HOMILY, ST. PAUL’S, FOLEY – SECOND SUNDAY IN LENT, YEAR B

FEBRUARY 28, 2021

 

TEXT:                        MARK 8:31-38

 

 

            When I was serving as a long-term supply priest at Holy Trinity Church in Pensacola, a parishioner gave me a copy of a very powerful book.  It speaks to the gospel lesson today.

 

            The name of the book is Preaching in Hitler’s Shadow.  It is a compilation of biographies, stories, and sermons from the dark days of the Third Reich.
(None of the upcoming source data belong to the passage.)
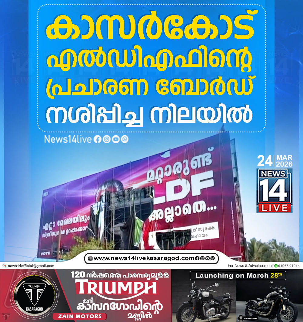 മുഖ്യമന്ത്രിയുടെ മുഖം കീറിയെടുത്തു, ദേശീയപാതക്കരികില് സ്ഥാപിച്ച LDF പ്രചാരണ ബോര്ഡ് നശിപ്പിച്ച നിലയില്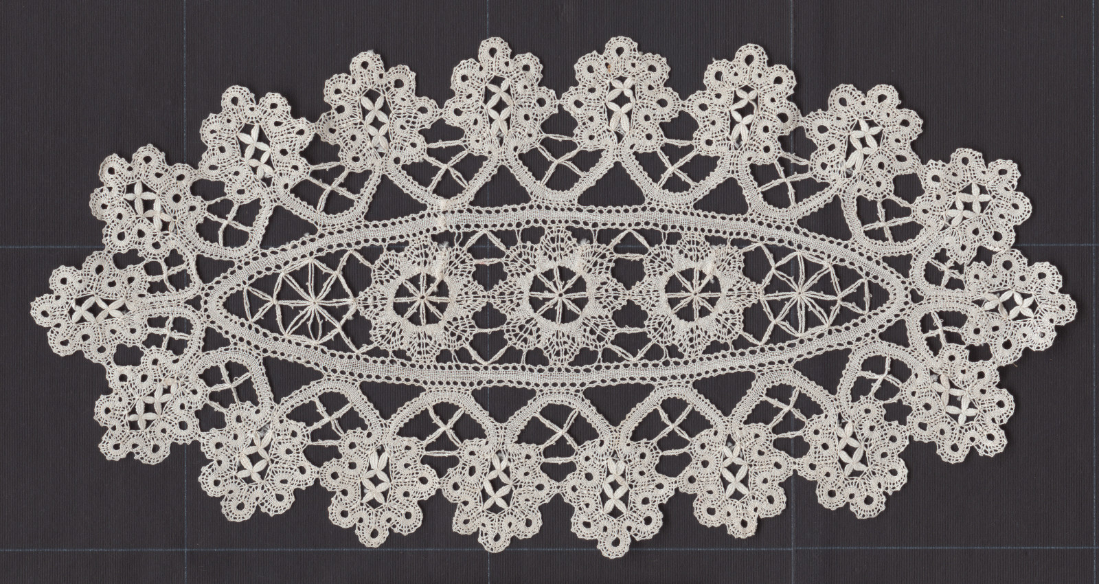 Prikrývka z paličkovanej čipky z bielej bavlnenej nite. Väzby dvojpárové pletence, plátenko hladké a prekladané, lístky a pikotky/mitky.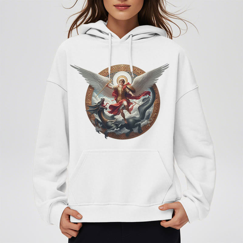 The hoodie features a captivating image of Archangel Michael triumphantly defeating the dragon, a symbol of overcoming evil. Encased within an ornate circular frame, this detailed illustration radiates power and divine glory. The design magnificently captures the essence of courage, protection, and the ultimate victory of good over evil.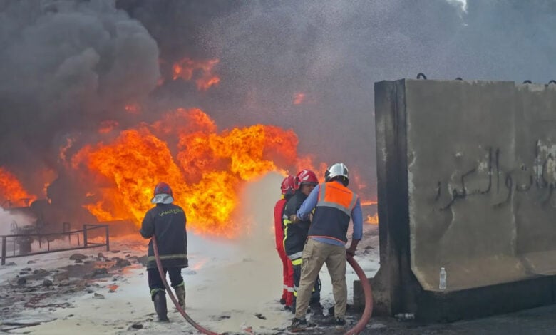 مصرع واصابة 7 موظفين بانفجار كبير واندلاع حريق بمستودع للنفط في البصرة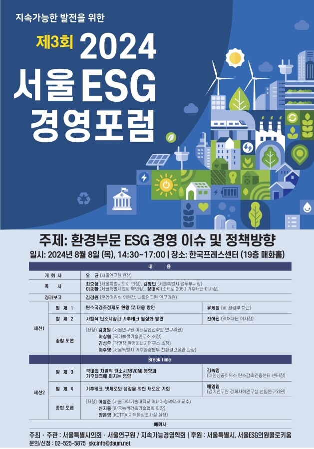 [한국건설경제뉴스=이보미 기자] 서울연구원은 오는 8일 오후 2시30분부터 한국프레스센터 19층 매화홀에서 '제3회 서울 ESG 경영포럼'을 연다고 7일 밝혔다.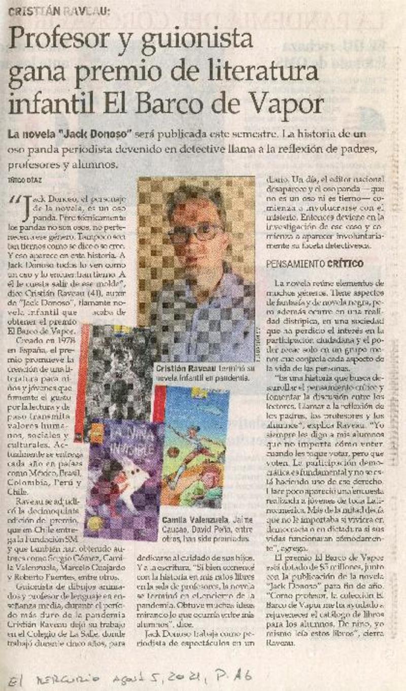 Profesor y guionista gana premio de literatura infantil El Barco de Vapor [artículo] Iñigo Diaz.

Its focus is on the lives – and in some cases, deaths – of those mostly-Lutheran pastors who comprised what was known as the Confessing Church during that 12-year period.

 

            Nazism, you see, had its own state-sanctioned theology.  There were acknowledged state churches, where no inconvenient facts or theologies would be preached.

 

            But some courageous pastors did.  Most of their names have disappeared from consciousness now.  But that doesn’t minimize their courage in the light of the oppression and risks they faced. One name continues to be revered: Dietrich Bonhoeffer.  He was a Lutheran pastor to whom we owe a debt of gratitude for his seminal work, The Cost of Discipleship and the coining of the term cheap grace.  He was martyred by Hitler’s henchmen only days before Allied troops liberated his concentration camp at Flossenburg.  He was 39 years of age. 

 

            There are few examples of Jesus’ teaching from today’s gospel which are as clear as those days. “Jesus called the crowd with his disciples, and said to them, ‘If any want to become my followers, let them deny themselves and take up their cross and follow me. For those who want to save their life will lose it, and those who lose their life for my sake, and for the sake of the gospel, will save it.’”

 

            A friend recently made this observation: Can we now recognize Jesus as a teacher and not just a savior?  Indeed, Jesus is not only “the way, the truth, and the life,” he shows us “the way, the truth, and the life.” Central to that way of being like Jesus is the willingness to take up our crosses and follow him.

 

            Few of us, if any, will ever have the stark choices of the Lutheran pastors in 1930s and 1940s Germany.  Thank God.  But we are still called to take up our crosses – to bear witness, to take action, to point out the path to the way, and the truth, and the life.

 

            That means discerning and acting on the movements of justice, peace, and righteousness that brings all people under the umbrella of God’s realm of love and grace.